All dressed up in its feathered best, alone among a crowd of waterfowl, the grebe on the lake has nothing to do but dive. It would seem the bird that fished through winter in monochrome has coloured up for the spring to no avail. An alluring chestnut ruff, a jaunty little black crest; all adornment is redundant for this great crested grebe without the presence of a mate. And if breeding is the reason for being, then its summer is already over. The grebe upends and sinks out of sight. This is, after all, a fishing lake.
Standing at the water’s edge on an islet just a few metres away is another lone individual, and the first of its kind I have seen in this county. I should be whooping with delight, and I do, but silently, for I know its relations well, and they are generally a timid lot. Sure enough, a squabble of greylag geese causes this bird to raise its head, and extend its neck in alarm to full heron height.

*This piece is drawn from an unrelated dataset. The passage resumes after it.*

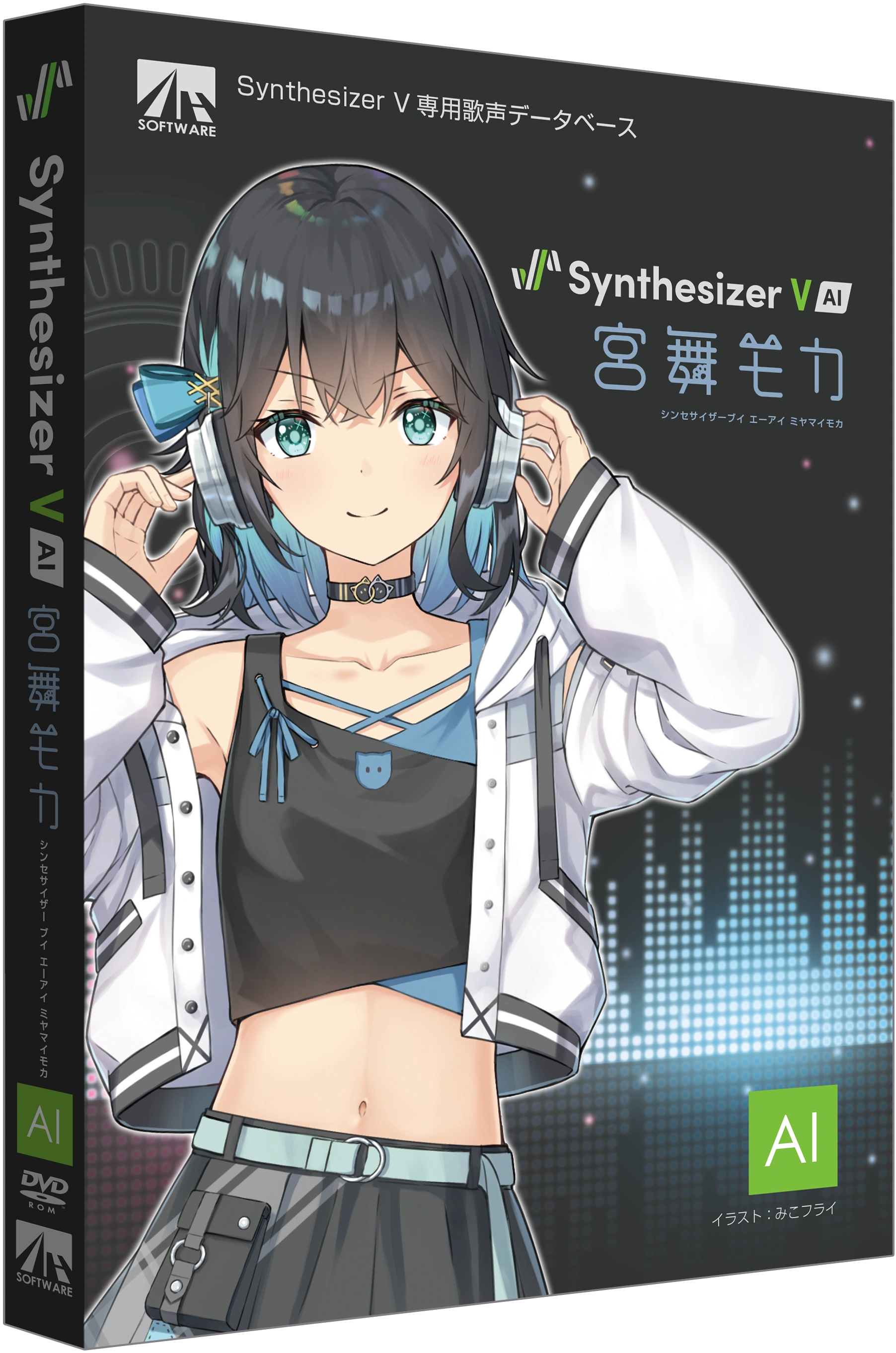On August 30, Miyamai Moca's Synthesizer V AI illustration was officially revealed, confirmed to be illustrated by Miko Fly, and her release date was announced for September 26. Pre-order reservations were opened the same day and would be available as physical and digital download editions, including both standalone and Starter Pack options.[9] A total of six vocal mode variations were announced: "Cheeky", "Cute", "Soft", "Mellow", "Powerful", and "Cool"; and four demonstrations were released following the announcement by Utsu-P, Chom-P, Haraguchi Sasuke, and Wada Takeaki.[10][11][12] In addition, she also received an official 3D model for MikuMikuDance based on her Synthesizer V attire, created by Tsumidango, as well as reference artwork also illustrated by Miko Fly.[13][14]

No question this bird fits every word of its name. Great. White. Egret. Whiter than a snow-white swan, it’s a true egret in appearance, though its length makes it impossible to confuse with its diminutive cousins, the cattle and little egrets. A lifting breeze flicks up a tiny detail on the back of its neck, the hint of an aigrette, the so-called tuft of breeding plumes. A feature without a purpose for this bird, for in all likelihood this egret is in the vanguard of the celibate pioneers, overshooting the Channel by accident or design. Numbers of great whites in the UK are rising and more are finding company to mate, but this arrival looks set to spend the season alone.
After a few minutes of head up on guard, the egret relaxes a little by withdrawing into the typical no-neck heron hunch. Something catches its eye, for it shoots out its beak, then draws it right back as if it were an arrow held in a bowstring. A spot of fishing for Billy no-mates?